A session dedicated to itch in systemic diseases led by Andreas Kremer from Zurich and Cynthia Levy from Miami mainly focused on cholestatic itch. Binita Kamath from the Hospital for Sick Children in Toronto discussed the efficacy of ileal bile acid transporter (IBAT) inhibitors in treating childhood hepatic itch. Notably, 84% of patients with Alagille syndrome treated with IBAT inhibitor, maralixibat, experienced a meaningful itch reduction. She emphasized that IBAT inhibitors may even prevent or delay liver transplantation in these patients.
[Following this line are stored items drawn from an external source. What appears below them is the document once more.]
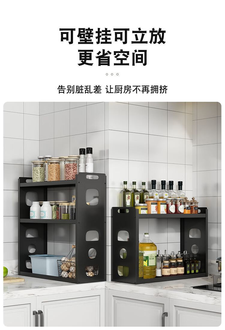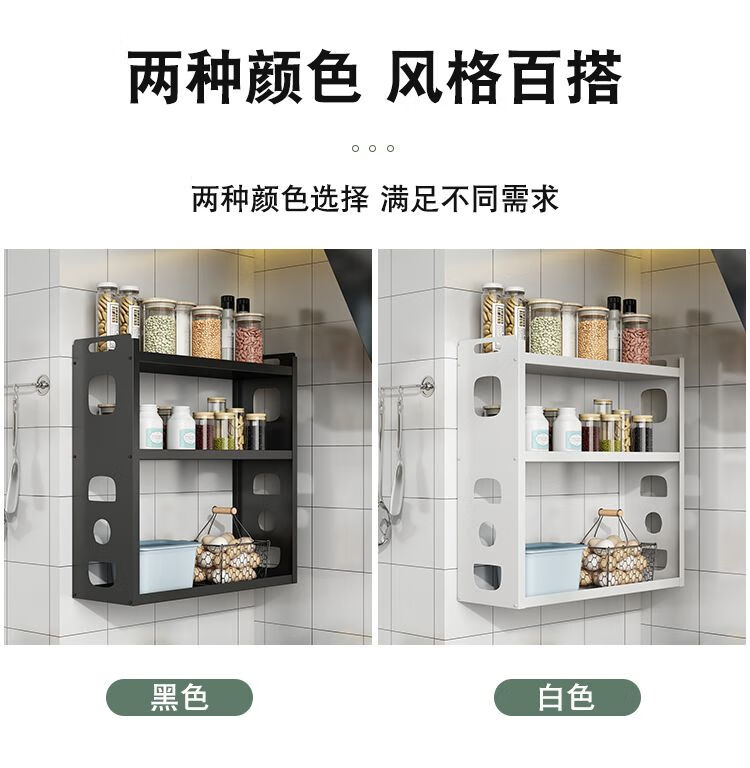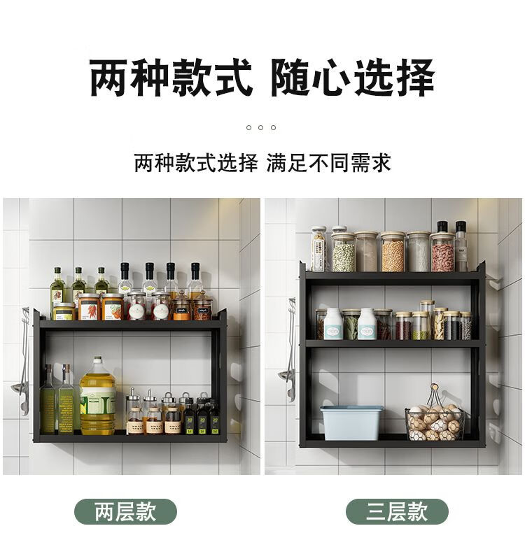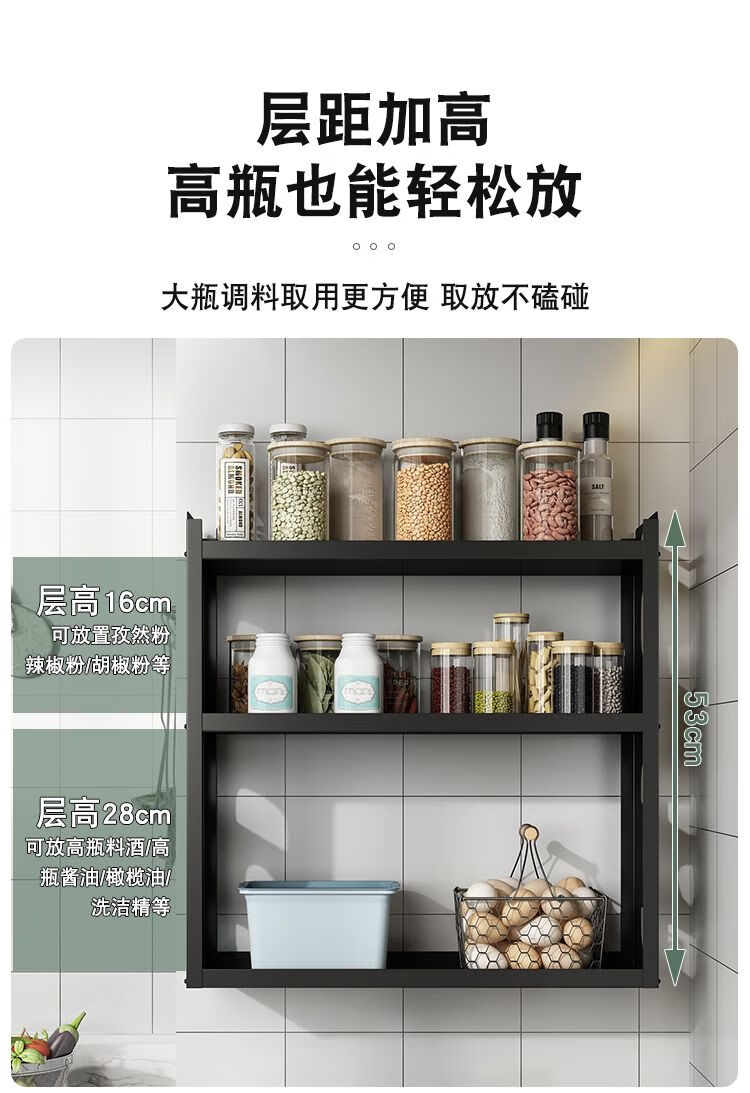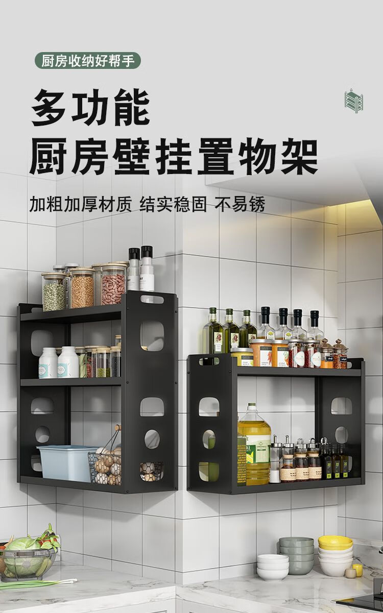 简漾家用厨房置物架壁挂壁挂式多层调料墙上油盐酱醋多功能收纳免打孔 黑色双层【免打孔】 长28【承重40斤】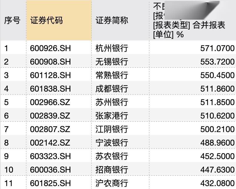 Wind数据显示,截至2023年6月末,A股上市银行中拨备覆盖率达到400%以上的有11家,其中杭州银行、无锡银行(600908.SH)、常熟银行(601128.SH)、成都银行(601838.SH)、苏州银行(002966.SZ)、张家港行(002839.SZ)、江阴银行(002807.SZ)拨备覆盖率均高于500%。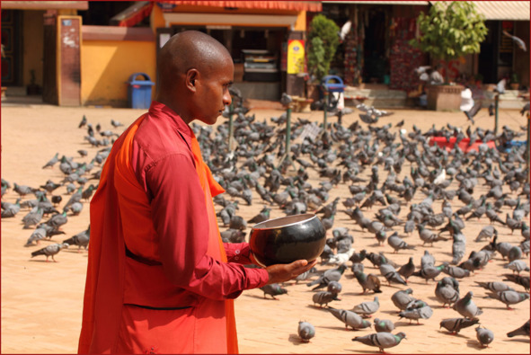 Мое внимание привлекает монах в оранжево-бордовых одеяниях, который смиренно-неподвижно стоит среди сотен голубей и ждет подаяний. Снимаю и его.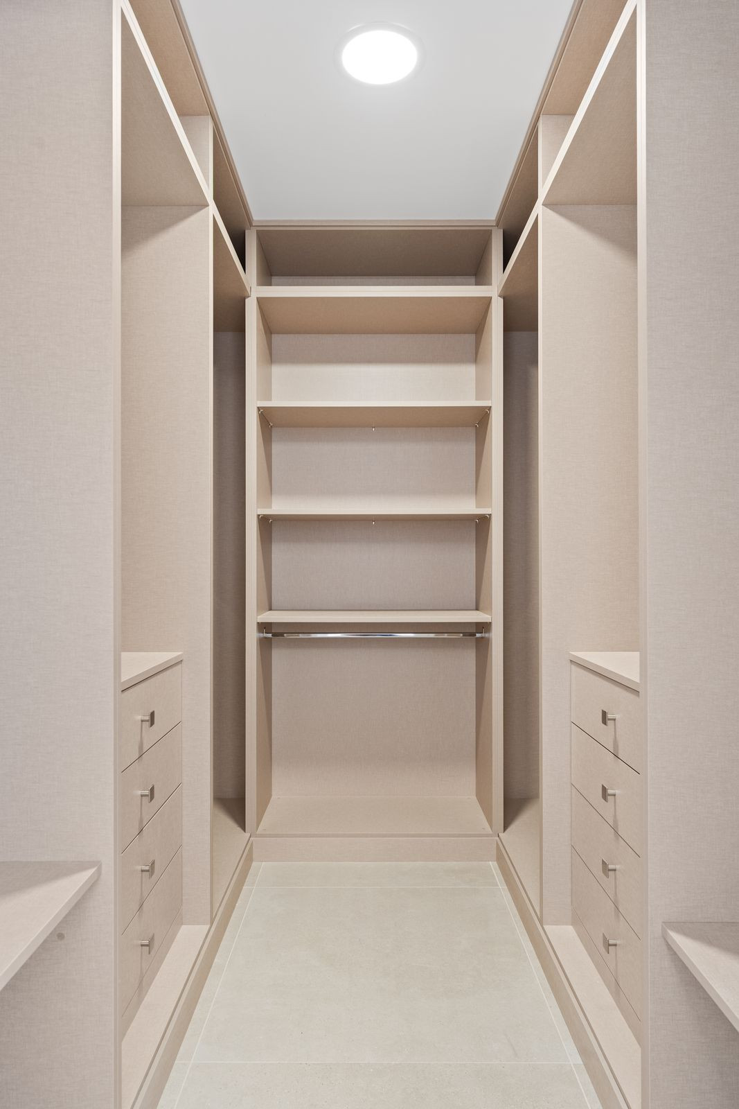 Les salles de bains sont équipées d'appareils sanitaires Galassia et de robinetterie Nobili, alliant fonctionnalité et design raffiné. Le même soin a été apporté aux détails intérieurs : portes laquées blanches et placards aménagés avec systèmes de tiroirs intégrés, pour un style à la fois pratique et élégant.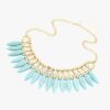 With glamorously heavy beading, these bold statement necklaces are sure to add personality to any outfit.? Available in a range of deep colors, including blue, green, red and black.? This neck piece is sure to turn heads as the perfect accessory for any occasion.??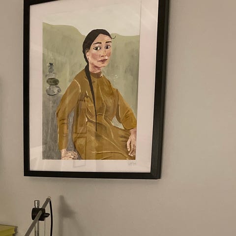 Uddrag af Portrætfoto. Malet i Akryl og forestiller Jytte Abildstrøm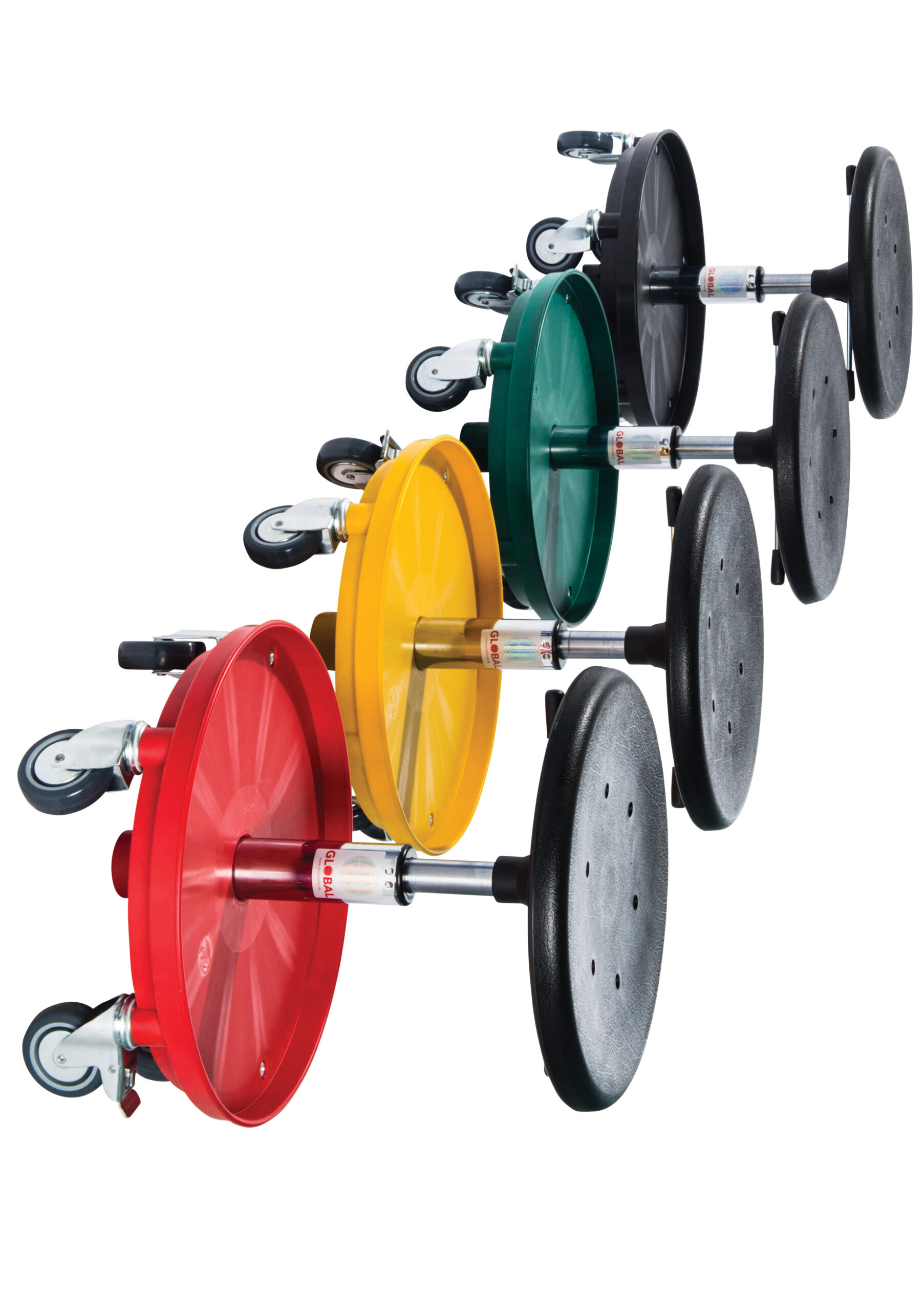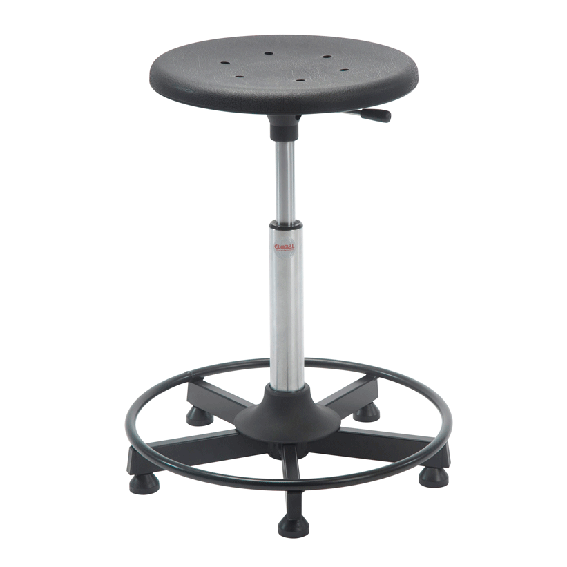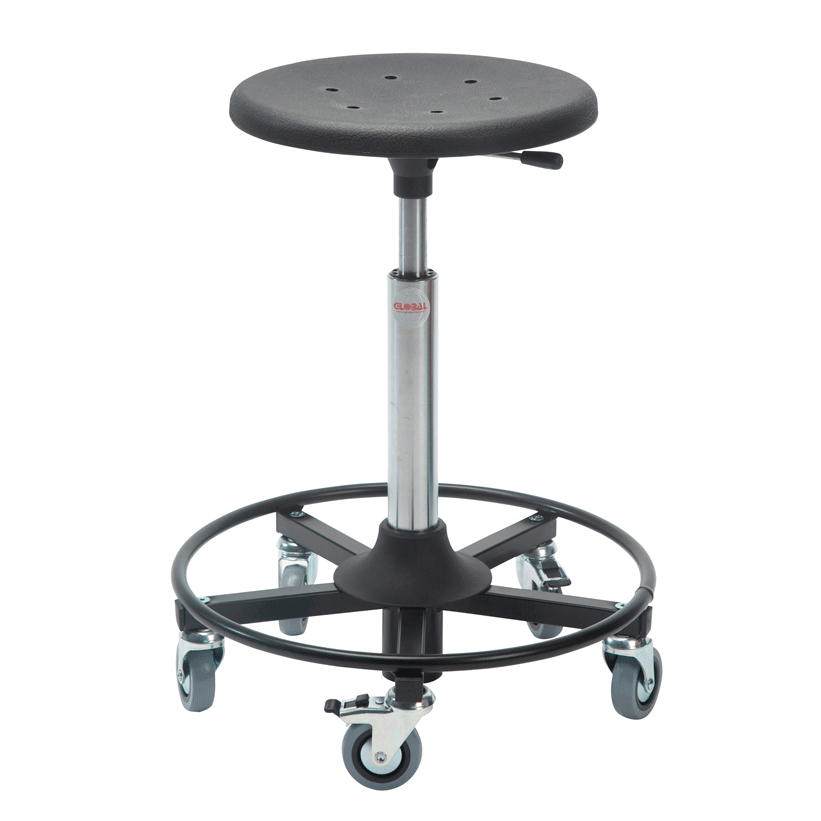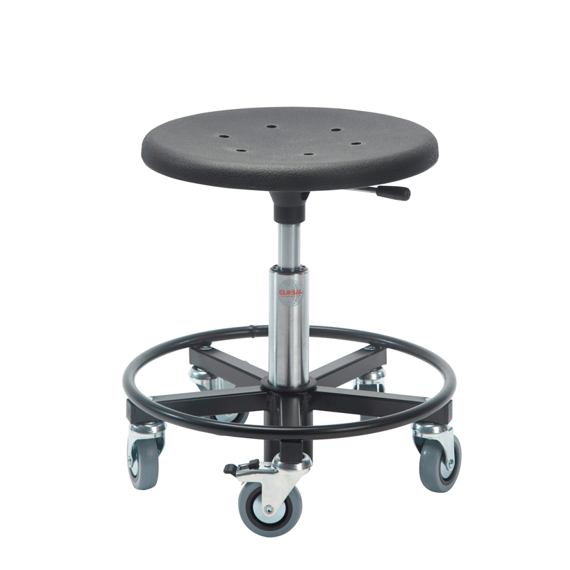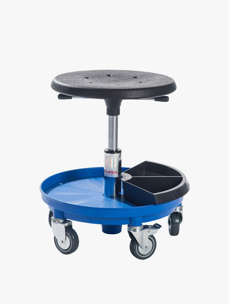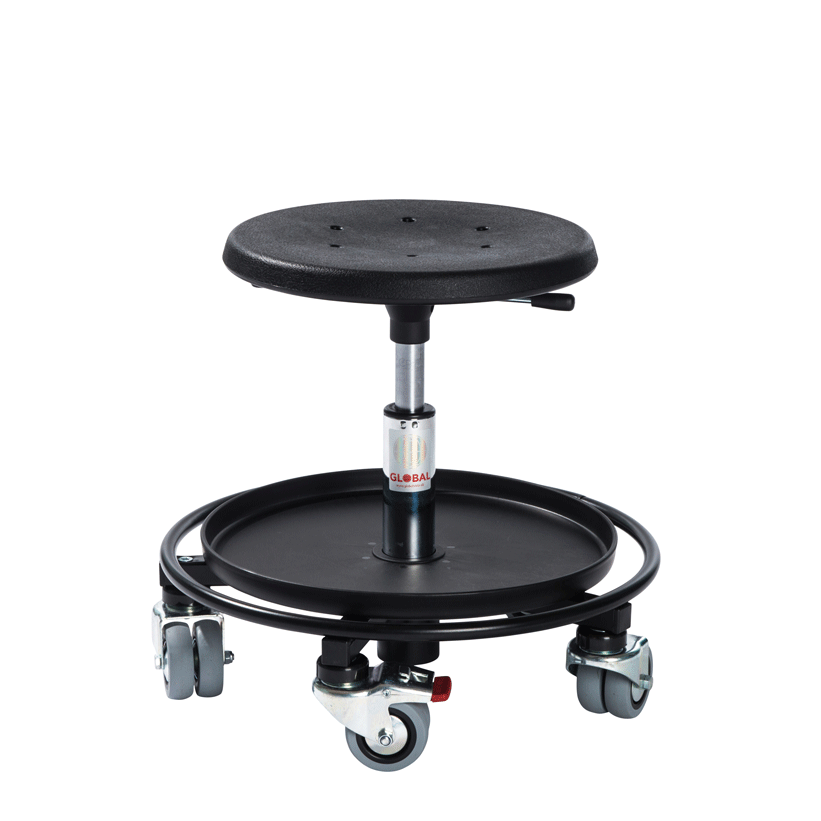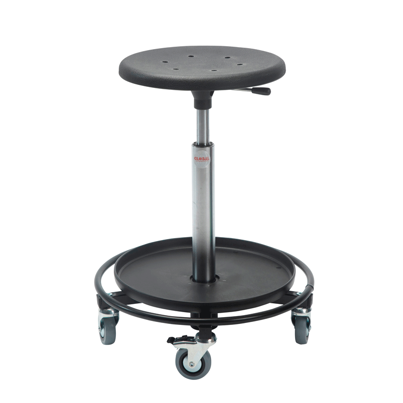 Los taburetes con ruedas se pueden ajustar en altura, y tienen ruedas muy resistentes donde dos de ellas disponen de freno para una mayor estabilidad. Pueden ser equipados con bandejas, cajas de herramientas y diferentes tipos de asientos. Los asientos de poliuretano son resistentes a un número de productos químicos y, al mismo tiempo, son fáciles de limpiar.

Kosuke Matsuda from the University of Toyama in Japan presented the novel gabapentinoid, mirogabalin, and its effect on itch in an AD mouse model. Mirogabalin acted on the ⍺2δ-1 subunit of voltage-gated calcium channel in the spinal dorsal horn, suggesting an antipruritic effect on chronic itch in AD. Thus, mirogabalin may be an effective treatment for human AD.

We are looking forward to the next WCI meeting chaired by Elke Weisshaar from Germany in October 2025.

Ethics Statement

This article did not involve human or animal studies and thus did not have an informed consent process.

ORCIDs

Gil Yosipovitch: http://orcid.org/0000-0001-6303-1822

Sarah G. Brooks: http://orcid.org/0009-0008-1015-1159

Rami H. Mahmoud: http://orcid.org/0000-0002-9322-7030

Conflict of Interest

GY has received grants from Sanofi, Regeneron Pharmaceuticals, Pfizer, Escient Health, Novartis, Eli Lilly, Celldex, and Kiniksa Pharmaceuticals. He is or has been an advisory board member for Abbvie, Escient Health, Eli Lilly, Galderma, LEO Pharma, Novartis, Pfizer, Pierre Fabre, Regeneron Pharmaceuticals, Sanofi, Trevitherapeutics, Vifor, Kamari, and GSK. The remaining authors state no conflict of interest.